Jaclyn M. Nienhuser, Shah Ahmed, Khiem Ngo, Thao Nguyen, Phillip Tran
Midwestern University, Glendale, AZ Hue University of Medicine and Pharmacy University of Debrecen, Hungary Dignity Health, Yavapai Regional Medical Center
Posters & Accepted Abstracts: J Clin Exp Cardiolog
63- year- old female with history of hypertension, hyperlipidemia, SVT, palpitations, migraines, GERD, and anxiety who presented with shortness of breath and noted to have concerning acute ischemic changes on EKG with diffuse ST depression along with ST elevation in aVR. She was sent to hospital for further evaluation. In ED, physical exam is unremarkable, on cardiovascular RRR, normal S1 & S2; no murmurs, rubs or gallops. EKG showed sinus tachycardia with ST elevation at aVR and diffuse ST depression (Figure 1A). Transthoracic echocardiogram (TEE) demonstrated mild concentric hypertrophy of the left ventricle, grade 1 diastolic dysfunction and preserved LV ejection fraction of 55- 60%. Left heart catherization revealed normal coronary arteries and normal LV function (Figure 2) suspect coronary spasm. Patient was treated aggressively with amlodipine in addition of nitroglycerin and metoprolol. EKG abnormality was resolved.

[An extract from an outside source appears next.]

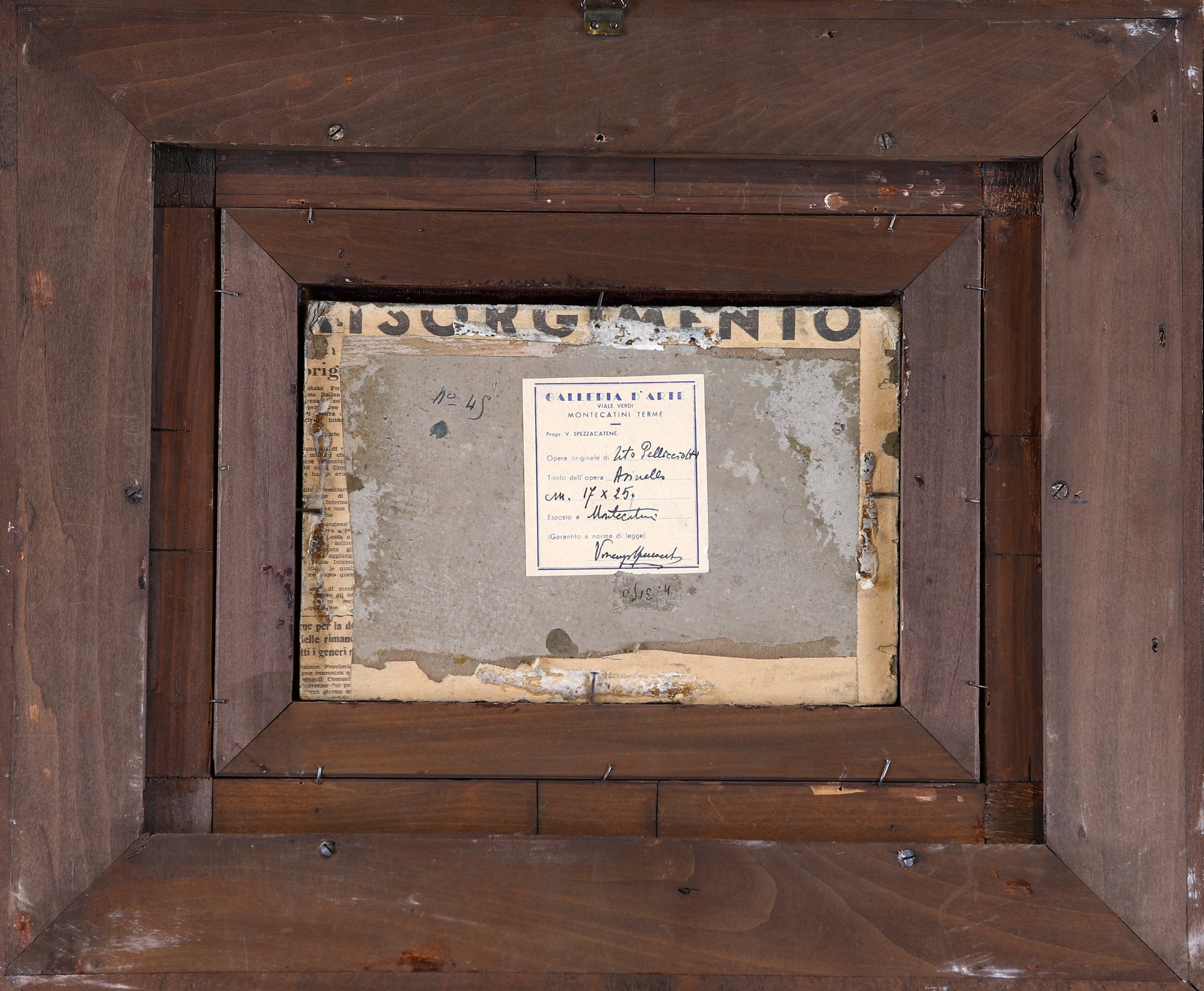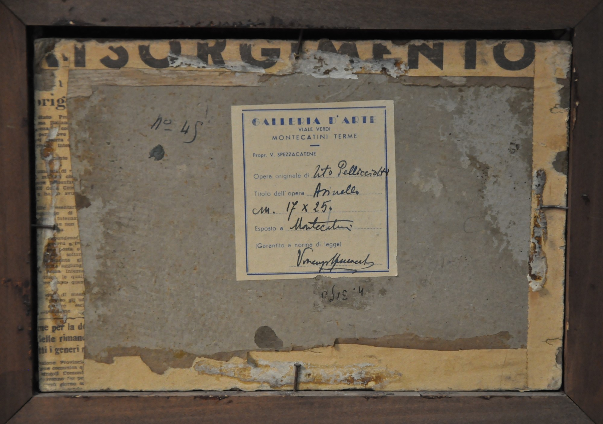 Firma in basso a destra "Pellicciotti". Al verso reca etichetta della "Galleria d'arte Viale Verdi, Montecatini Terme, di V. Spezzacatene".

Widespread ST-segment depression and ST-elevation in aVR would often suggest left main coronary artery or triple vessel disease 3,4 However, the negative angiogram suggesting coronary spasm – Prinzmetal Angina (PVA). PVA is caused by a transient reduction in blood flow through the coronary arteries due to vasospasm of the vessel. 1 ,2 PVA is often observed in young women with non-typical cardiovascular risk factors and may be associated with other conditions such as Raynaud’s phenomenon and migraine headaches. 1 Diagnosis is made when transient ST-elevation is seen on electrocardiogram during an attack or from coronary artery angiography with use of provocative medications such as acetylcholine, ergonovine or methylergonovine to induce spasm of the vessel. 1,2,5 Unique Aspect: Significant EKG change with diffuse ST depression along with ST elevation in aVR could suggest left main artery spam. In an acute setting, this could increase rate mortality and morbidity (8). The treatment should be aggressive including the combination of calcium channel blockage, nitrate, beta blockage and risk factor modification.